The results of univariate Cox regression analysis and multivariate Cox regression analysis. At the end of this study, the overall incidence rates of retinal disorder in the NTS cohort and non- NTS cohort were 10.5 and 6.88 per 1,000 person-years, respectively.After adjusting for age, gender, and medical comorbidities, the NTS cohort exhibited a higher risk of retinal diseases compared with the non- NTS cohort [aHR=1.15, 95% CI= 1.05 to 1.25]. Among all relevant variables, male, patients aged ≥60 years, and patients with the comorbidities of diabetes, hypertension, and hyperlipidemia exhibited a high risk of retinal diseases.

Demonstrates the association of risks of incidental retinal diseases and NTS among different subgroups. In age-subgroup analysis, only the HRs of retinal diseases were 1.64 (95% CI = 1.04 to 2.58) for NTS among aged older than 61 years old.

Among comorbidities, hypertension patients with NTS had a significant higher risk (2.10, 95% C.I. 1.38, 3.2) in developing retinal diseases compared to those non- NTS.

Risk of the retinal diseases was also significant in patients with diabetes mellitus (aHR= 2.05, 95%C.I. = 1.15, 3.65), and hyperlipidemia (aHR= 2.05, 95% C.I. =1.22, 3.45) shows the risk of retinal disease in different follow up periods

The incidence density rates of retinal diseases were the highest and most significant in the 1-5 years after index date (the aHRs=1.83, 95% CI = 1.08, 3.10).

The Kaplan Meier analysis revealed that the cumulative incidence of retinal diseases was significantly higher in the NTS cohort than in the non-salmonella cohort (log-rank test, P < 0.01; (Figure 1).
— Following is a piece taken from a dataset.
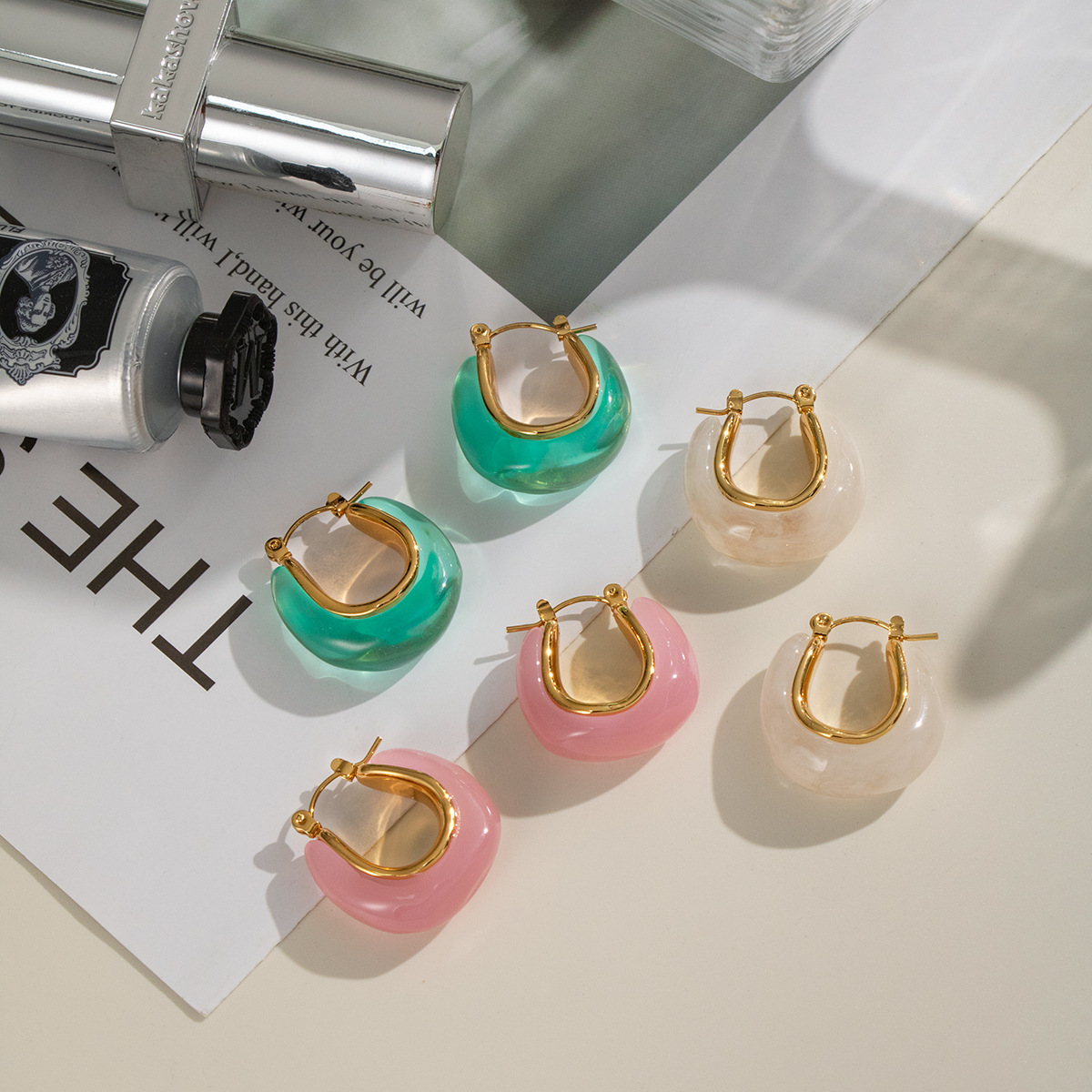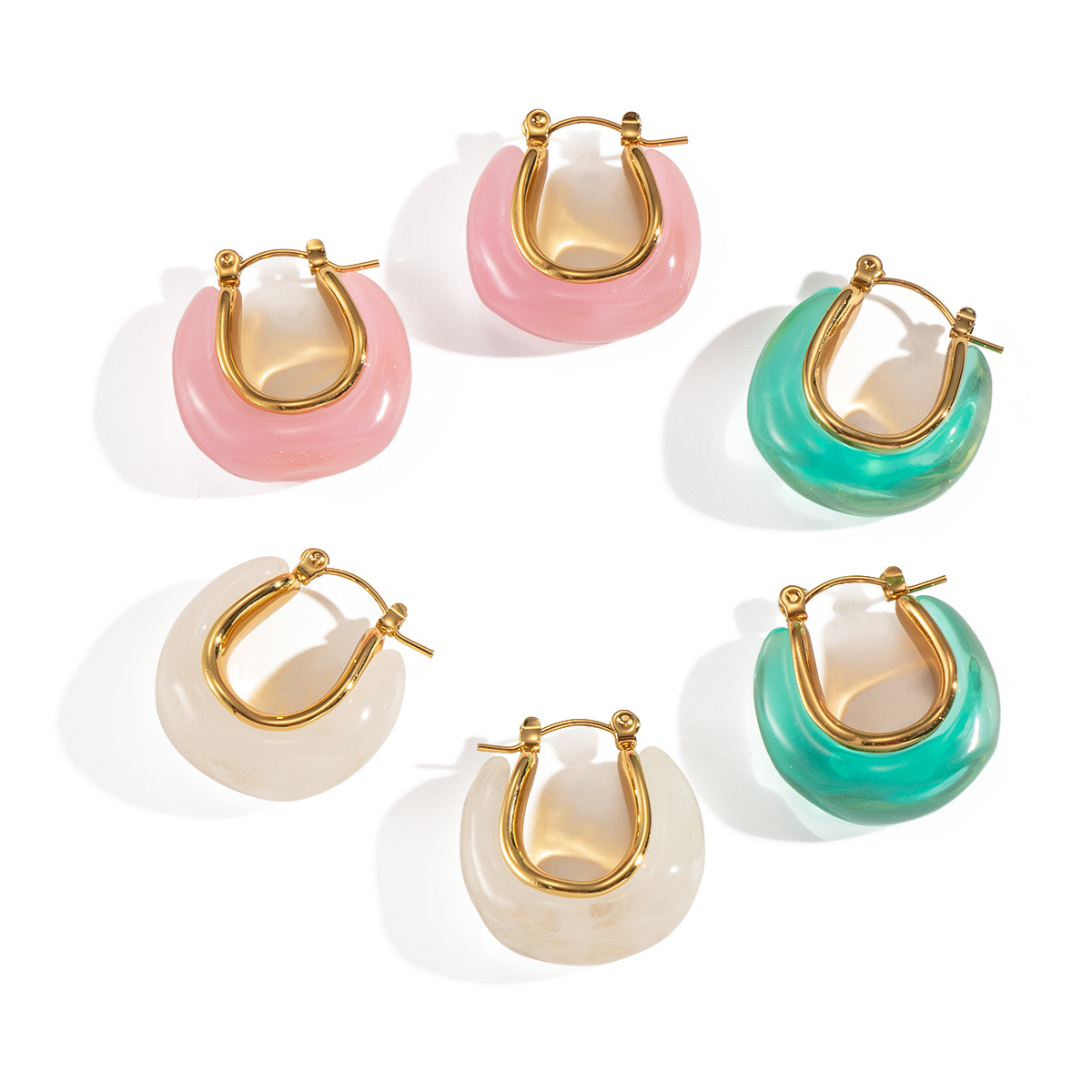 Boucle d'oreille résine, Acier inoxydable 304, avec résine, Placage de couleur d'or, bijoux de mode & pour femme, plus de couleurs à choisir, Vendu par paire

Figure 1: The cumulative incidence of retinal disorder for the patients with and without Nontyphoid Salmonellosis.

In this 13-year cohort study using population-based data from the NHIRD of Taiwan, we first found that NTS patients were associated with an increased incidence of retinal diseases. Furthermore, the subgroup for NTS among aged older than 61 years old was also significant in patients with hypertension, diabetes mellitus and hyperlipidemia. Our study investigated in a Taiwanese patient population and the findings could help us to estimate the burden and underlying risk factors for retinal disorders.

The most frequent bacterial diseases that affect the retina are syphilis and tuberculosis [18]. The ability of the syphilis retinal-specific autoimmune cells to persist in the eye for longer duration results in persistent inflammation and prolongation of the disease process [19]. Tuberculosis of the retina most commonly results from the direct extension from the underlying uvea but may also be caused by hematogenous spread. Retinal lesions may take the form of either focal tubercles or diffuse retinitis [20]. Salmonella can rarely affect the eye either by direct infection or rarely by immune-mediated mechanism. As Salmonella can multiply in various host cells including macrophages and endothelial cells, the pathogens tend to cause a chronic infection a low grade chronic inflammatory reaction may appear as possible mechanism [21].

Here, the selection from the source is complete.